Describe a goal you set and how you went about accomplishing it.

Chase: Before I had finally made the decision to go abroad to London, a friend of mine told me that David Tennant (my all time favorite actor) would be performing with the Royal Shakespeare company during the time that I would be abroad. When she told me that, I made a promise to myself that I would see him.

After I arrived, I scoured the internet for any remaining tickets. I booked a coach and a guest house for the weekend and traveled on my own all the way to Stratford-Upon-Avon to see my idol perform. It wasn't until much later that I found out he would be coming to perform in London, and I could get day seats for ten pounds, but somehow that weekend journey I went on to fulfill my personal promise was much more satisfying.

What is one piece of advice you'd give future IES Abroad students?

Chase: Plan something fun for every weekend. If you need time to focus on homework, that's fine, but be sure to put aside time at the end of each week to do something in your city you could never do at home, whether it's going to a museum or an out of town trip or an excursion to a part of town you've never been to.

Just step off a bus or subway, get yourself lost and find your way home. And then write down everything you do. Every day. Keep an extensive travel journal religiously, because you won't be able to remember all the amazing things you did.

Describe your favorite must-have food that you tried abroad:

Chase: One of the coolest things about London was that you could find restaurants of any kind of nationality around the world. I went to an Ethiopian restaurant with a friend of mine where I got to try injera.

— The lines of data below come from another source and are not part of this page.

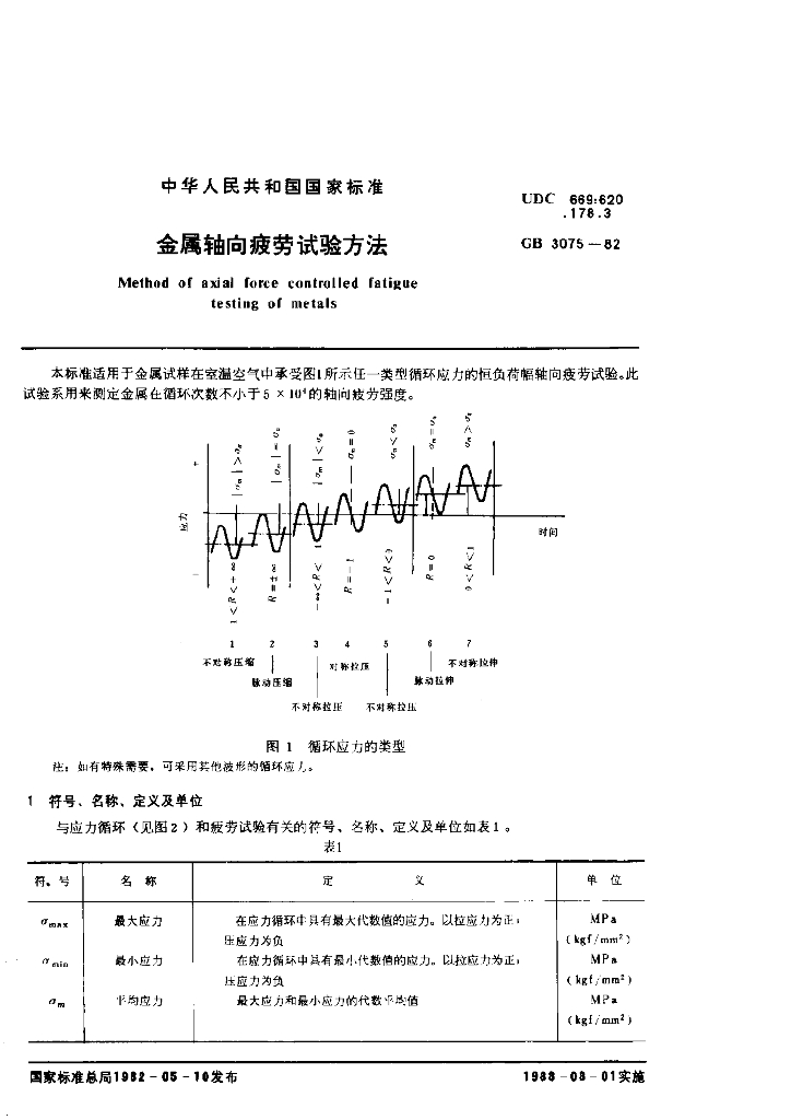 GB/T 3075-1982 金属轴向疲劳试验方法
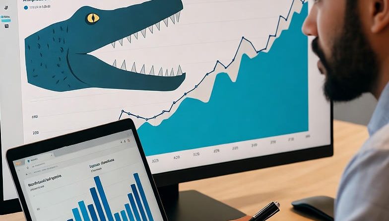 La metáfora de la “boca de cocodrilo” describe un patrón cada vez más frecuente en las métricas de Search Console: las impresiones (veces que un enlace aparece en resultados) se mantienen o crecen, mientras que los clics hacia el sitio bajan. En el gráfico, la línea de impresiones sube y la de clics baja, generando un hueco entre ambas — parecido a una mandíbula abierta.
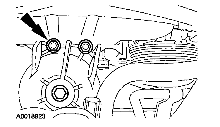 32. Remove the lower power steering pump bolts and position the pump aside.
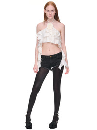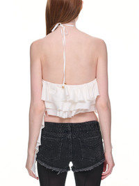 BLUMARINE top in white, flounced design, rose detail, halter neck, back cross straps, ruffled sides, open shoulders & back, cropped, fully lined. Made in Italy Italian Sizing 77% Cotton, 18% Nylon, 5% Elastane Model is 5'10" wearing size 38. Bust: 32" Waist: 24" Hip: 34"
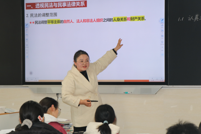 汪园秀老师以“当霸总遇上民法典”为情境主线,通过“普法活动进课堂”“霸总法务我帮忙”“德法双治辩论场”等活动串联教学内容,帮助学生理解民法的调整范围和民事法律关系的三大要素,引导学生树立尊法学法守法用法的法治观念。
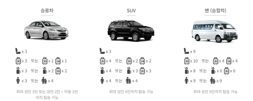 ex) 11명 이용 시 / 승용차 2인 + 승합차 5-9인
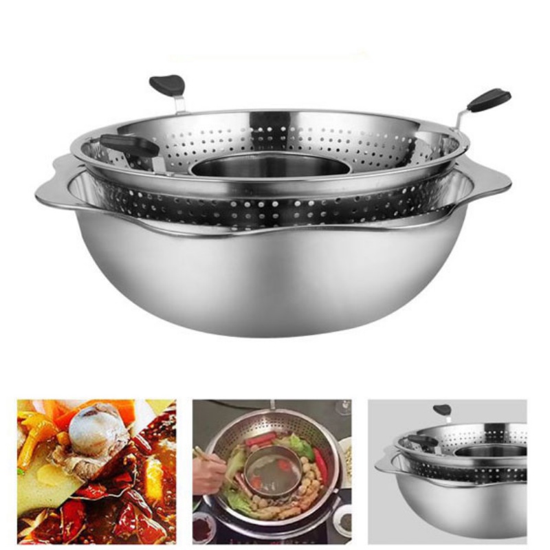 Nhà cửa & Đời sống > Dụng cụ nhà bếp > Nồi || Nồi lẩu xoay 2 tầng Inox 304 tiện dụng chống cháy khét, nồi ăn lẩu dung tích lớnCòn hàng

It's a porous, spongy-like pancake-like flatbread on which they serve the meat. There are no utensils. What you do is you tear off a piece of the injera and you use that to pick up the meat and eat it. Your plate also served as your fork! It was the coolest thing I had ever eaten.

And the best part was that after you finished the meat, the savory juices usually soaked into whatever was left of the injera. Absolutely delicious. (Also, London fish and chips is amazing, but that goes without saying.)

Do you think your program changed you as a person?

Chase: Before going abroad, I had never traveled alone before, lived in a big city by myself, or fended for myself. I had never been the kind of person to do things spontaneously, and I was never very self reliant.

My parents jokingly told me afterwards the different ways they imagined me getting lost. It was a sink-or-swim situation, but I swam. I kept a budget, I navigated an unfamiliar city, and got myself out of more than one sticky situation all on my own. And I developed a sense of adventure I never had before.

I enjoyed doing things without planning them, jumping on whatever opportunities happened to come my way. If you had asked me before I left if I thought I could survive in a big city on my own, I wouldn't know what to say. But if you asked me now, I'd say, "Can I? I already did!"

If you could do-over one thing, what would it be?

Chase: I never saw a production at the Globe. I didn't really do much research in the Globe's season, and I was hoping to show up for a ticket to MacBeth one Sunday, and little did I know that it was the last day of their season and they were sold out.

I had heard so much about how amazing, life-changing, the shows were at the Globe from my other friends who studied abroad in London. Plus, the Globe is such an iconic sight, that I really wanted to go. But I just didn't do my homework and I was turned away at the door. In the rain. That's been one of my biggest regrets. If I could go back and do it again, I'd make sure that I could see a show at the Globe.